RECORDS FOR THIS EXERCISE:
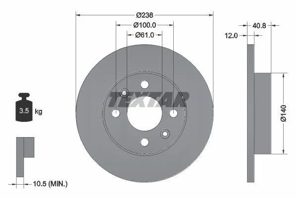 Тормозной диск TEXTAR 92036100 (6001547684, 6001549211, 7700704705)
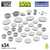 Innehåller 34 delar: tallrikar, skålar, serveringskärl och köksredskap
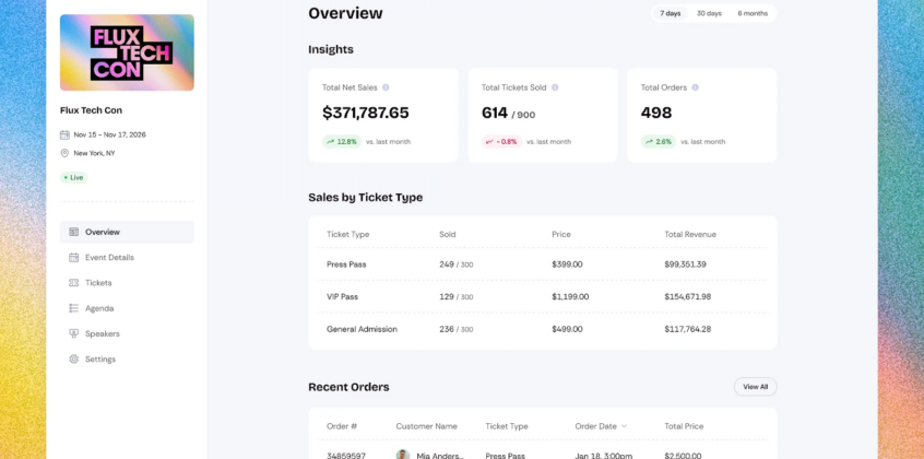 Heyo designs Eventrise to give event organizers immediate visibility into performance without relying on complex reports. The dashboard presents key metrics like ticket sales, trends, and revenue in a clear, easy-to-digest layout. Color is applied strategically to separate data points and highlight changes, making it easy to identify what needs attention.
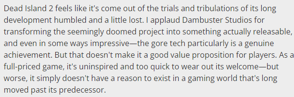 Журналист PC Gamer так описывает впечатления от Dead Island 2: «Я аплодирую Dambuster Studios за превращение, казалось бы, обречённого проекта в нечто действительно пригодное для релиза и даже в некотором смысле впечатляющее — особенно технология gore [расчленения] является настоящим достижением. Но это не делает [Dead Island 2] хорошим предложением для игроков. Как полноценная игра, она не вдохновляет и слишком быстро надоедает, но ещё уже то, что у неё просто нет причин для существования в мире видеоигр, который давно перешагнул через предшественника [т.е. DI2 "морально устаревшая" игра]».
* * *
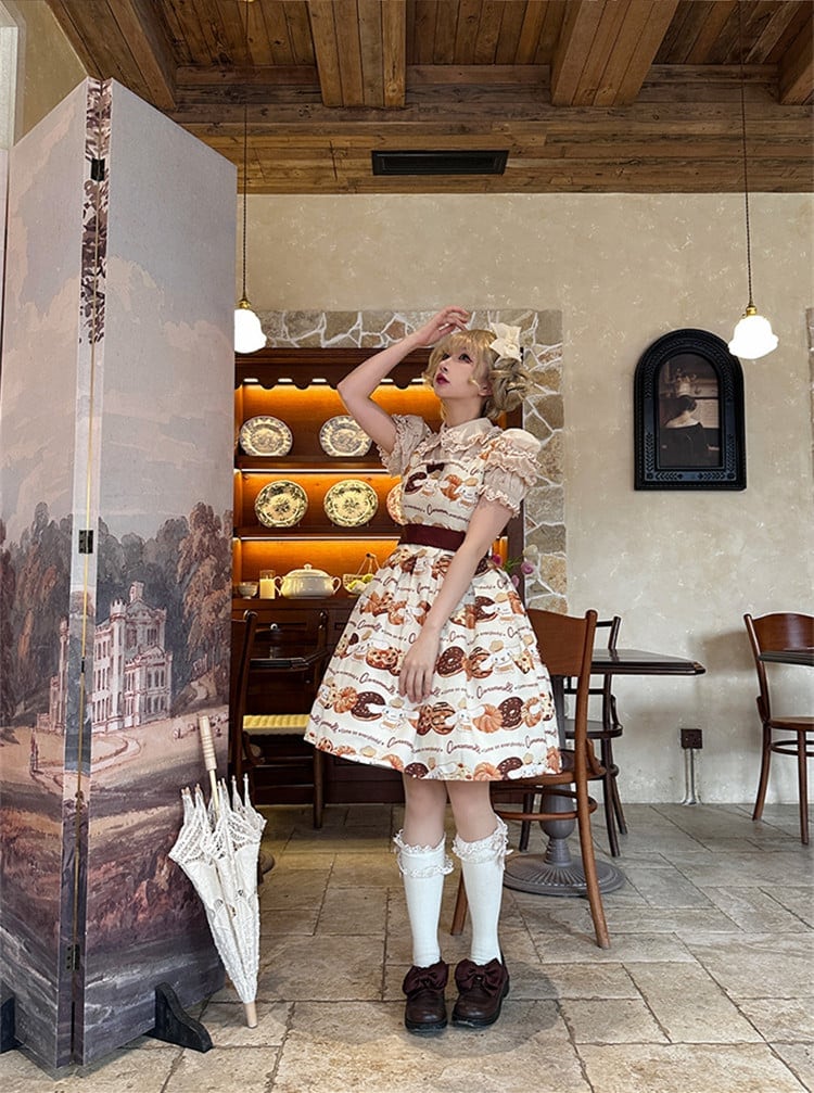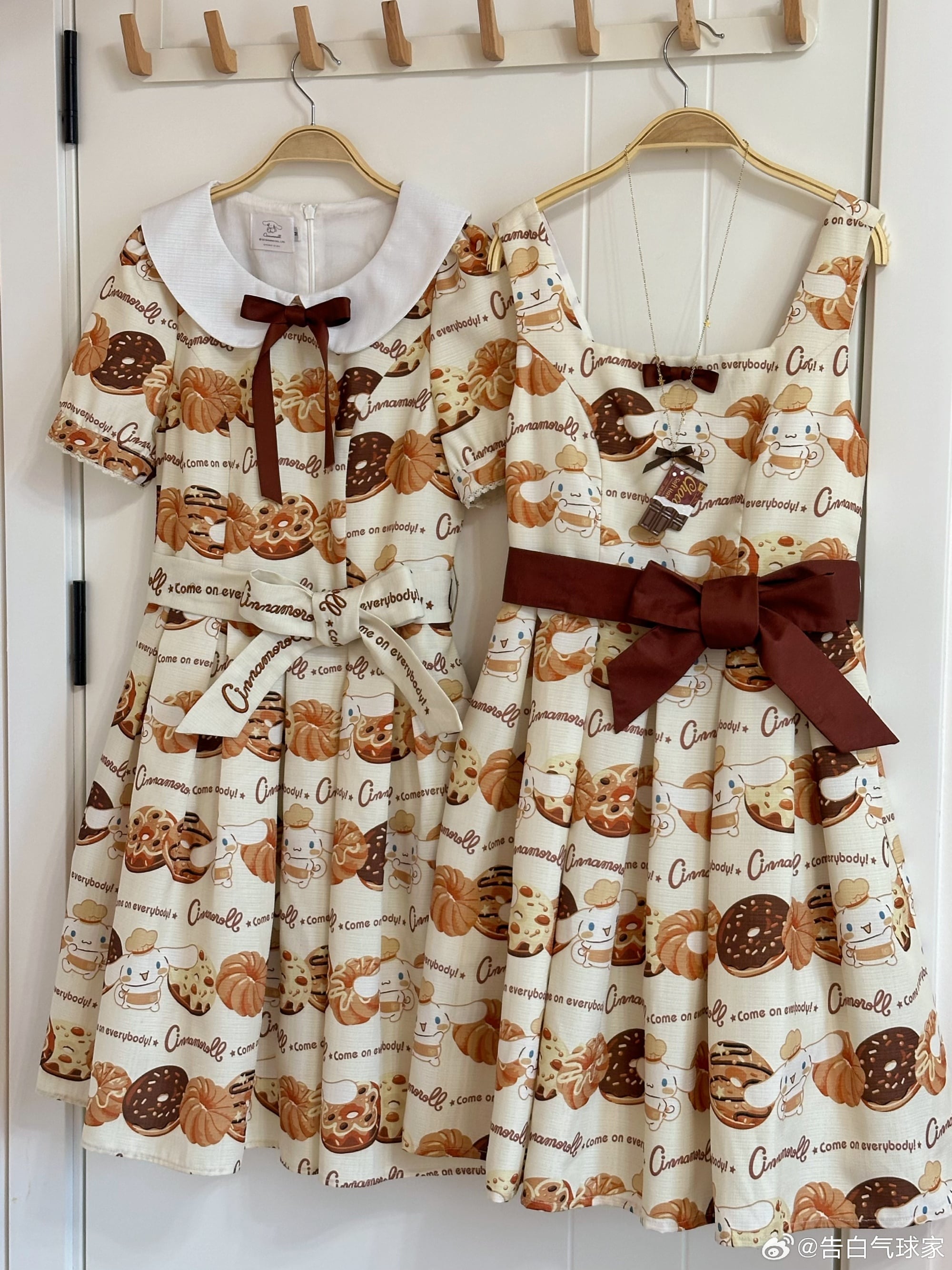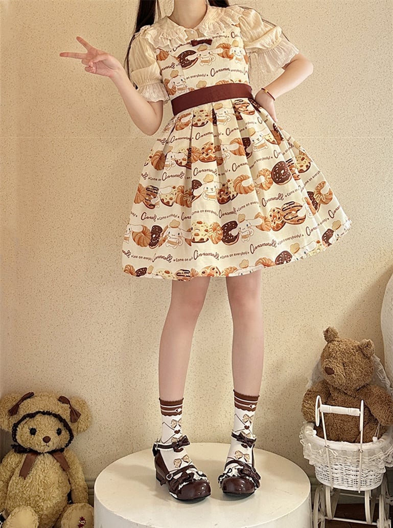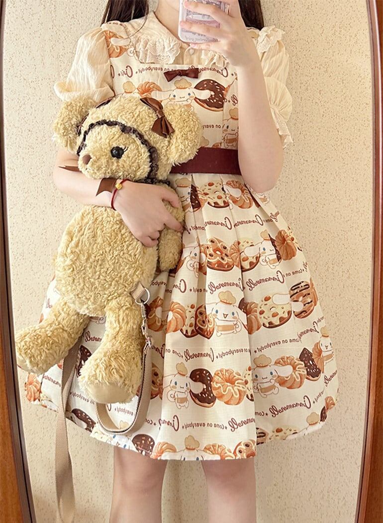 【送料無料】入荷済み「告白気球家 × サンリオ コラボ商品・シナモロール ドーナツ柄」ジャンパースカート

AIM OF THE TASK:
The line holding "Тормозной диск TEXTAR" starts the copy and the line holding "Innehåller 34 delar: tallrikar, skålar, serveringskärl" ends it. Repeat those two lines above and all between them exactly, leaving out pictures.

ANSWER:
 Тормозной диск TEXTAR 92036100 (6001547684, 6001549211, 7700704705)
 Innehåller 34 delar: tallrikar, skålar, serveringskärl och köksredskap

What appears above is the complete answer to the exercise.